How developing countries can seize ‘green windows of opportunity’ with innovative technologies
Concerted global efforts are needed to help developing economies leverage technological innovations for sustainable development.
Sustainable and frontier technologies can enable the developing world to fast-track greener and inclusive development, but international collaboration is required to realize this prospect.
That was the main message from the UN Commission on Science and Technology for Development (CSTD) at a meeting it held on 25 and 26 October.
“There is a critical role for international cooperation to provide technical and financial support to developing countries, so that they can benefit from these green windows of opportunities,” said Shamika N. Sirimanne, director of technology and logistics while opening the meeting.
UNCTAD provides substantive support to the CSTD, the UN “torch-bearer and focal point for science, technology and innovation (STI) for development.”
Discussions at the meeting focused on two priority themes: how STI can boost cleaner and more competitive production and ensuring safe water and sanitation for all.
Late-mover advantage for developing countries
Green, sustainable technologies can open a window of opportunity for developing economies to achieve technological leapfrogging, the meeting noted.
Unencumbered by legacy systems, countries lagging behind are more agile in adopting such technologies at lower costs and avoiding risks associated with experimentation, research and development, and slow initial uptake experienced by advanced economies.
Besides, changes to policies, funding availability and global demands – fuelled by the world’s urgent push for sustainability – can also help reduce barriers to entry, accelerating the adoption of these technologies in the developing world.
Making economies cleaner and more productive
Technological innovations can bolster developing countries’ role in greening global value chains as well as diversifying and moving towards more sustainable economic sectors – provided enabling policies and collaborations are in place.

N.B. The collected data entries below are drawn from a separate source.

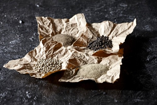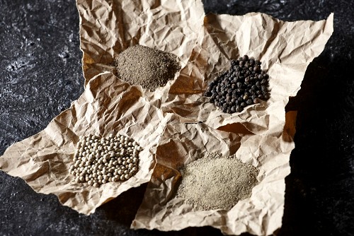قطع من الورق ممتلئة بحبوب وبودرة الفلفل الأسود والأبيض على أرضية سوداء
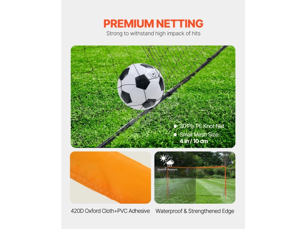 Naše fotbalová branka je vyrobena z prvotřídní PE síťoviny s robustní 30vrstvou uzlovou konfigurací. Tato síť nejenže vykazuje výjimečnou odolnost, ale je také vyztužena tkaninou 420D oxford a PVC lepidlem, takže je voděodolná a zároveň jsou její okraje zpevněné.
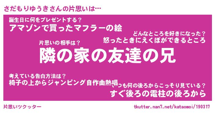 | 肩書あだ名 | 『さだもりゆうき御曹司』 |
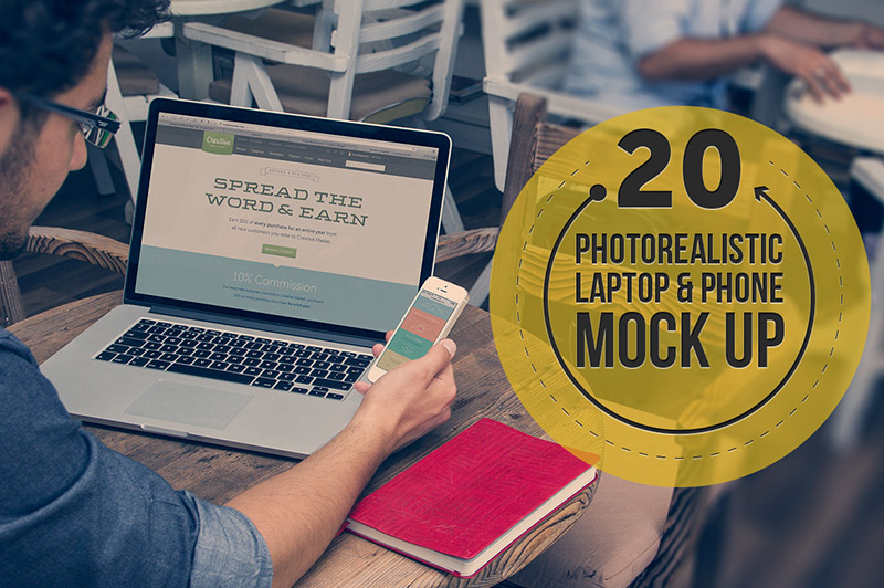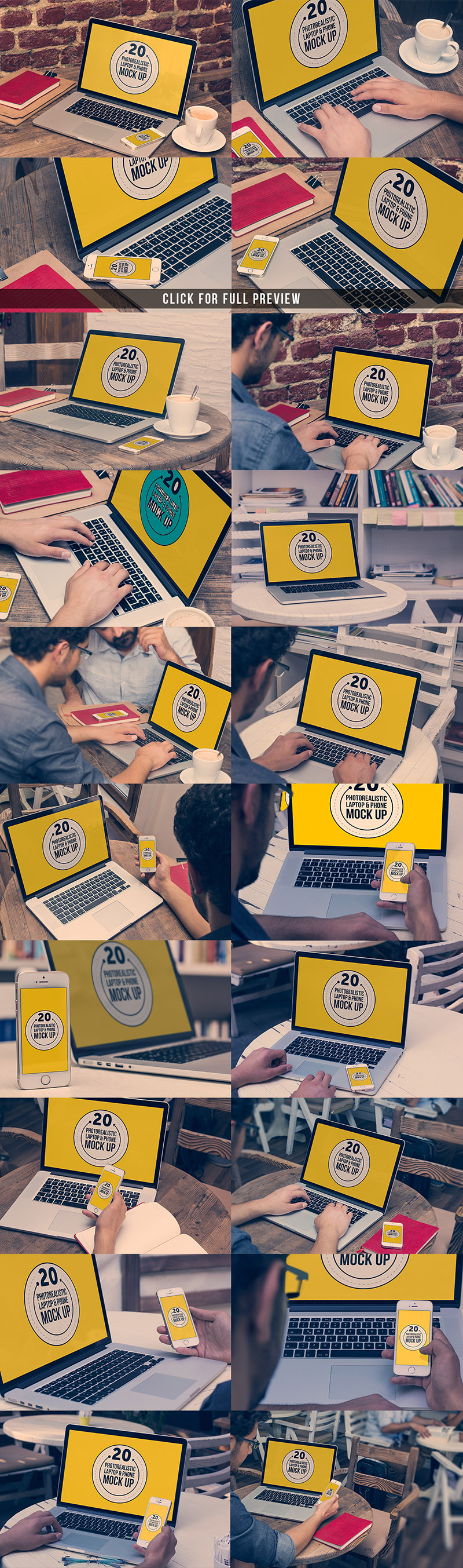 20 Macbook and iPhone mock ups. Based on real photos that taken in a coffee shop. You can show your works both Macbook and iPhone. You can show your design responsive. Also all PSD mock up files have ready made light setups. Fully layered reflections and shadows.

For example, successful models to speed up the development of renewable energy technology have been institutional in nature, with countries using new environmental laws to encourage public-private sector cooperation on green transitions.
In China, the 2006 renewable energy law fostered the creation of the country’s biomass industry.

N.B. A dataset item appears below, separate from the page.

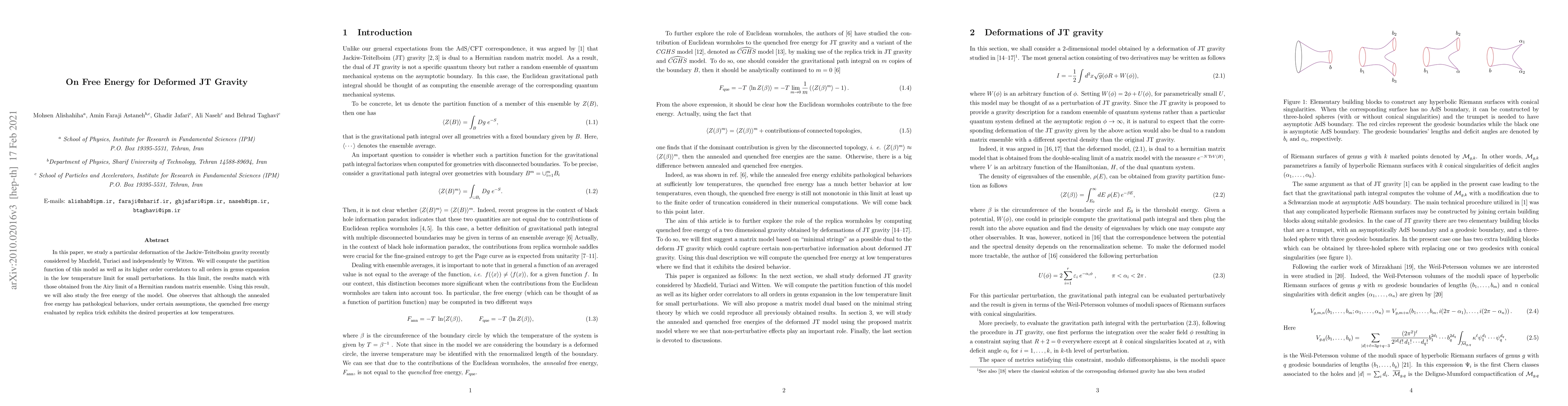 In this paper, we study a particular deformation of the Jackiw-Teitelboim gravity recently considered by Maxfield, Turiaci and independently by Witten. We will compute the partition function of this model as well as its higher order correlators to all orders in genus expansion in the low temperature limit for small perturbations. In this limit, the results match with those obtained from the Airy limit of a Hermitian random matrix ensemble. Using this result, we will also study the free energy of the model. One observes that although the annealed free energy has pathological behaviors, under certain assumptions, the quenched free energy evaluated by replica trick exhibits the desired properties at low temperatures.

Egypt’s 2014 renewable energy law has enabled the private sector to partner with the government to produce electricity from renewables.
Another example in energy production is the global green hydrogen economy.

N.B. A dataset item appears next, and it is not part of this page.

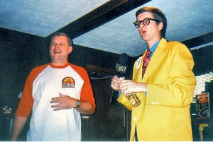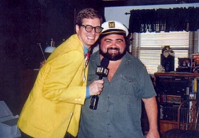 | Segment Host DICK O' DAY poses for the camera with RANKIN/BASS Research assistant TOM FREDERICK (Yes...he does look like CAP'N HUFNPUF from BEANY & CECIL) |

Developing nations such as Chile, Panama and South Africa already have advanced green hydrogen strategies consistent with sustainable development.
With richer countries lacking labour to produce electrolysers, which is key to creating green hydrogen, their developing counterparts have an opportunity to meet future demand in Europe, Japan and South Korea.
Pursuing universal access to water and sanitation
Even today, safe drinking water and sanitation remains a challenge to many vulnerable communities worldwide.
Rapid advances in frontier technologies – including the bioeconomy, artificial intelligence, big data, the Internet of things (IoT) and nanotechnology – all have the water and sanitation sector as a potential primary beneficiary.
These solutions make it possible to reach last-mile populations, as off-grid decentralized solutions become increasingly affordable and can be run and maintained locally with minimal training.
For instance, Swiss Fresh Water has developed a low-cost and low-power desalination system enabling small-scale production of cheap drinking water in developing countries, especially in Africa.
Similarly, UN Women has helped pilot a solar water pumping project – now managed by community members – for drinking and irrigation in Mozambique.
Actions needed to realize ‘green windows of opportunity’
For developing countries to unlock opportunities from STI, the meeting renewed calls to bridge the divide in digital capacity – largely driven by uneven investment in research and development between wealthier and poorer economies.
Meanwhile, international cooperation on innovation will require more equitable partnerships, going beyond traditional donor-recipient relationships.
When planning for technology transfer, it’s important to consider a range of key factors and make such transfer part of a holistic effort to build up broader socioeconomic infrastructure in developing nations.
On policy recommendations, the meeting emphasized cultivating and empowering local innovation ecosystems, notably by including women and marginalized groups in design and project implementation.
It also underscored the need for STI policies that support concrete solutions to advance sustainability and climate resilience.